→ Information provided:
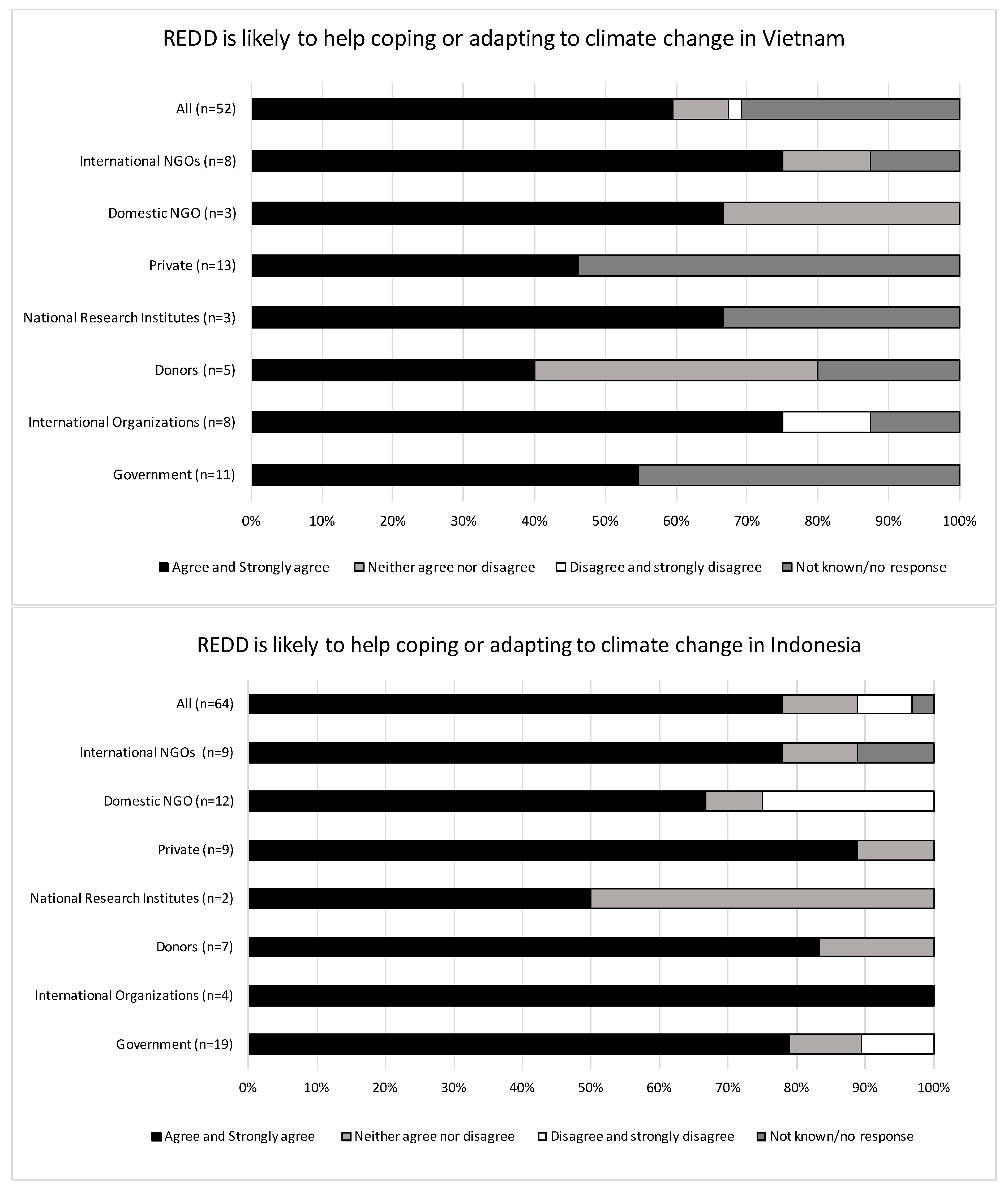 Private sector actors involved in REDD+ indicated low levels of effort for adaptation activities in both countries (22% in Indonesia and 38% in Vietnam), as did international NGOs in Indonesia (22%). Most private actors in Vietnam interviewed claimed that, to meet government requirements, they only have to focus on mitigation activities (specifically forest-based PES and REDD+). The Vietnamese Communist Party Committee [63] claimed that the lack of adequate financial and policy incentives is a key factor that discourages the private sector (both generally and in the forestry sector) from engaging in adaptation and mitigation, especially because cumbersome administrative processes impede their access to available climate change funding.
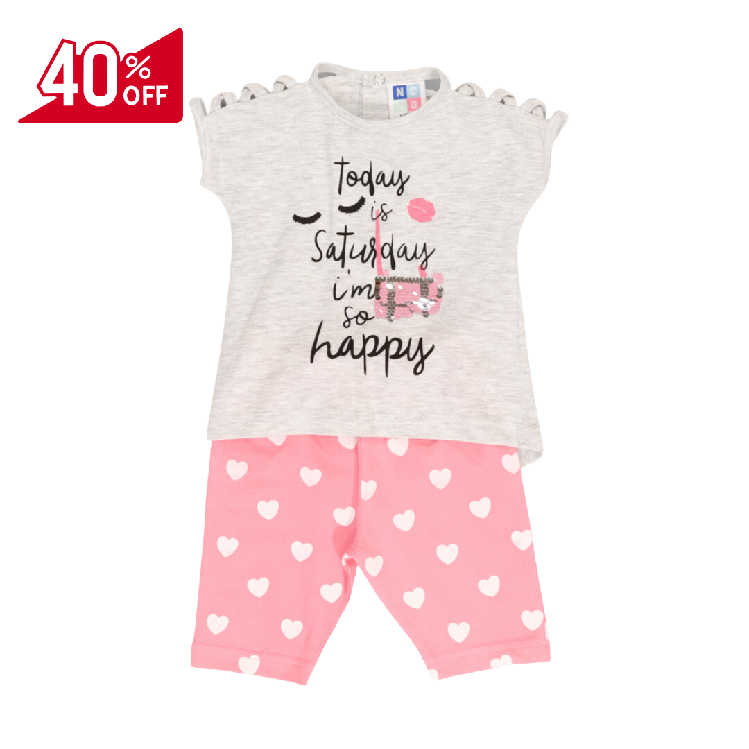 Βρεφικό σετ για κορίτσι, της εταιρείας New College, καλοκαιρινό, με κολάν ποδηλατικό σε χρώμα ροζ με λευκές καρδούλες και μπλουζάκι, με όμορφο σχέδιο στους ώμους σε χρώμα γκρι και τύπωμα "Today is Saturday I' m so happy".
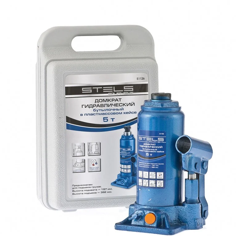 Домкрат гидравлический бутылочный, 5 т, H подъема 197-382 мм, в пластиковом кейсе Stels 51126
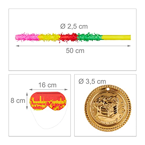 Relaxdays 291 TLG. Pinata Set di teschio, Pinatastab & Benda per occhi, 288 Goldtaler, Piñata, bacchetta con maschera per gli occhi, giorno dei morti, multicolore
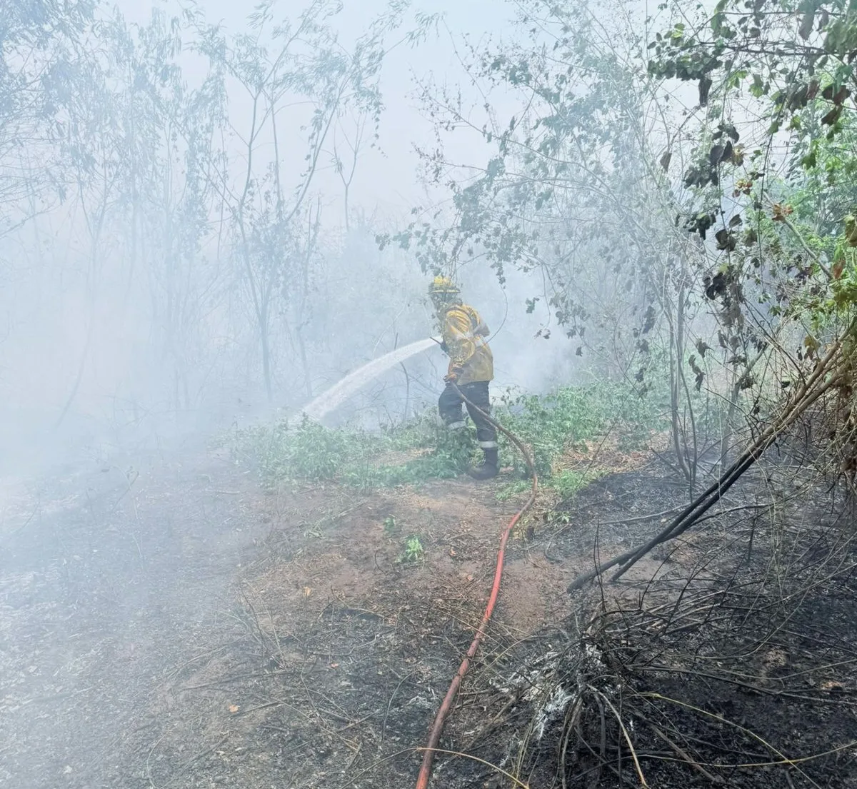 - Por otro lado, en el Departamento Ledesma, hay dos focos de incendios importantes: por un lado, en Ruta Nacional 34 en cercanías a Caimancito, lleva afectada aproximadamente unas 260 hectáreas de bosque nativo y pastizales. Allí trabajan brigadistas de la Base El Brete junto al equipo de ICE de Parque Nacional Calilegua.
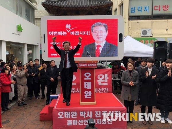 오태완(52) 진주정책연구원장이 17일 진주 중앙시장 입구에서 오는 6월 13일 진주시장 선거 출마 선언식을 열었다.
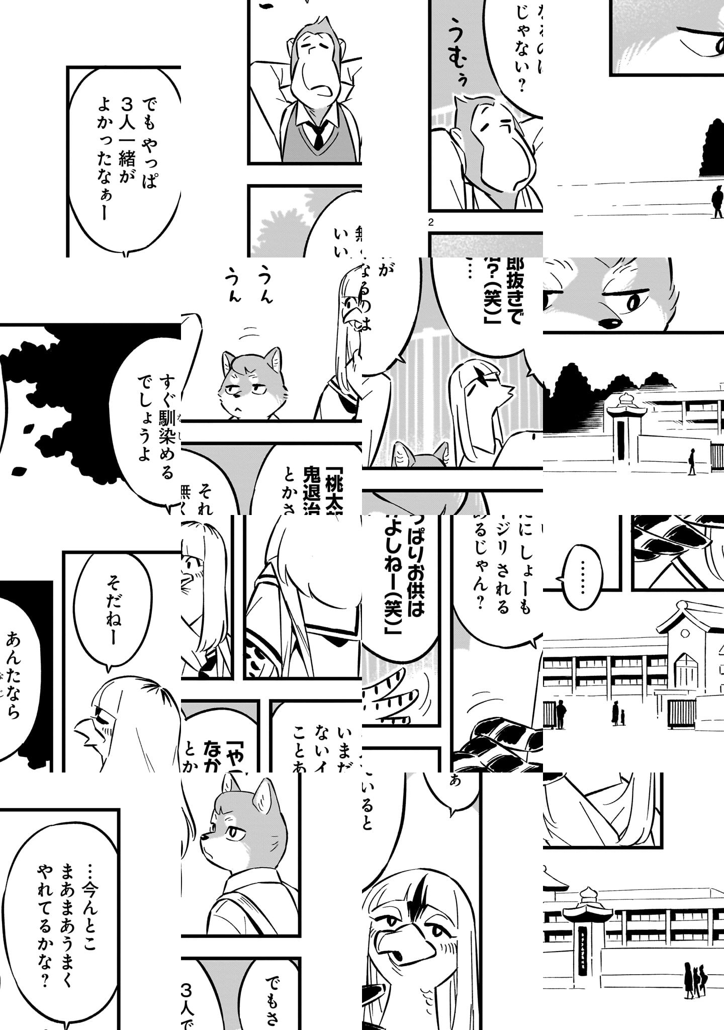 かつて生死を懸けて戦った桃太郎と鬼王丸。 しかしその子孫たちも現代となれば、争うことなく平穏に暮らしております−−。 ヒト、モモ、ツノ、ケモノ……。 多種族が織りなす「ももたろう」のその後のせかい!!
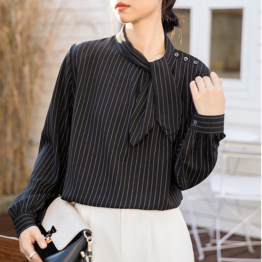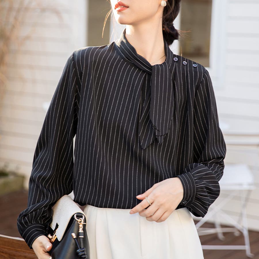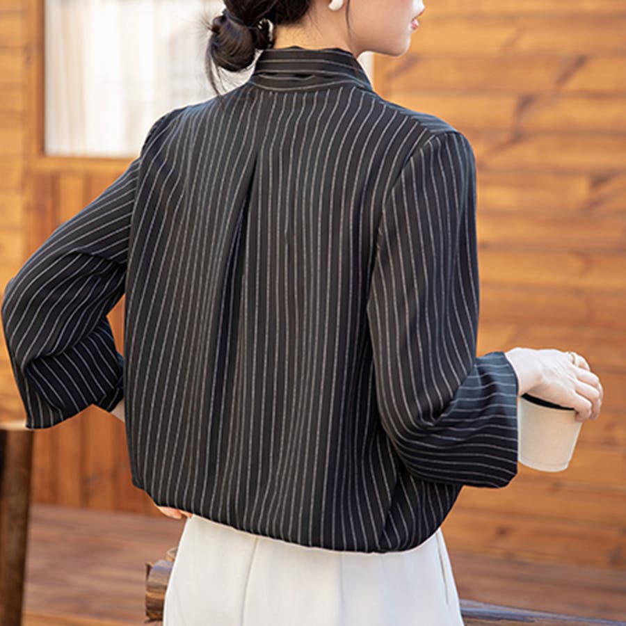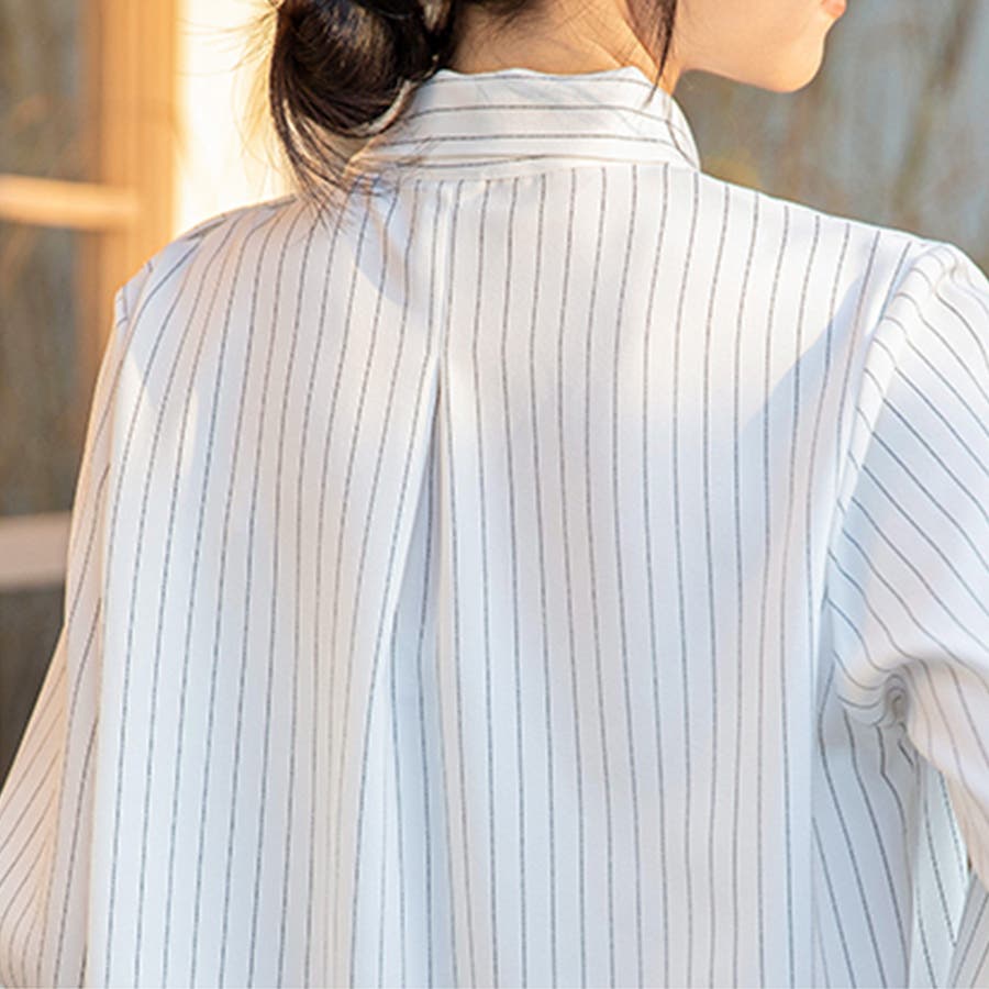 ストライプ柄ボウタイブラウス

→ Exercise instructions: When you print the records above, keep them exact and leave out the pictures.

→ Written answer:
 Private sector actors involved in REDD+ indicated low levels of effort for adaptation activities in both countries (22% in Indonesia and 38% in Vietnam), as did international NGOs in Indonesia (22%). Most private actors in Vietnam interviewed claimed that, to meet government requirements, they only have to focus on mitigation activities (specifically forest-based PES and REDD+). The Vietnamese Communist Party Committee [63] claimed that the lack of adequate financial and policy incentives is a key factor that discourages the private sector (both generally and in the forestry sector) from engaging in adaptation and mitigation, especially because cumbersome administrative processes impede their access to available climate change funding.
 Βρεφικό σετ για κορίτσι, της εταιρείας New College, καλοκαιρινό, με κολάν ποδηλατικό σε χρώμα ροζ με λευκές καρδούλες και μπλουζάκι, με όμορφο σχέδιο στους ώμους σε χρώμα γκρι και τύπωμα "Today is Saturday I' m so happy".
 Домкрат гидравлический бутылочный, 5 т, H подъема 197-382 мм, в пластиковом кейсе Stels 51126
 Relaxdays 291 TLG. Pinata Set di teschio, Pinatastab & Benda per occhi, 288 Goldtaler, Piñata, bacchetta con maschera per gli occhi, giorno dei morti, multicolore
 - Por otro lado, en el Departamento Ledesma, hay dos focos de incendios importantes: por un lado, en Ruta Nacional 34 en cercanías a Caimancito, lleva afectada aproximadamente unas 260 hectáreas de bosque nativo y pastizales. Allí trabajan brigadistas de la Base El Brete junto al equipo de ICE de Parque Nacional Calilegua.
 오태완(52) 진주정책연구원장이 17일 진주 중앙시장 입구에서 오는 6월 13일 진주시장 선거 출마 선언식을 열었다.
 かつて生死を懸けて戦った桃太郎と鬼王丸。 しかしその子孫たちも現代となれば、争うことなく平穏に暮らしております−−。 ヒト、モモ、ツノ、ケモノ……。 多種族が織りなす「ももたろう」のその後のせかい!!
 ストライプ柄ボウタイブラウス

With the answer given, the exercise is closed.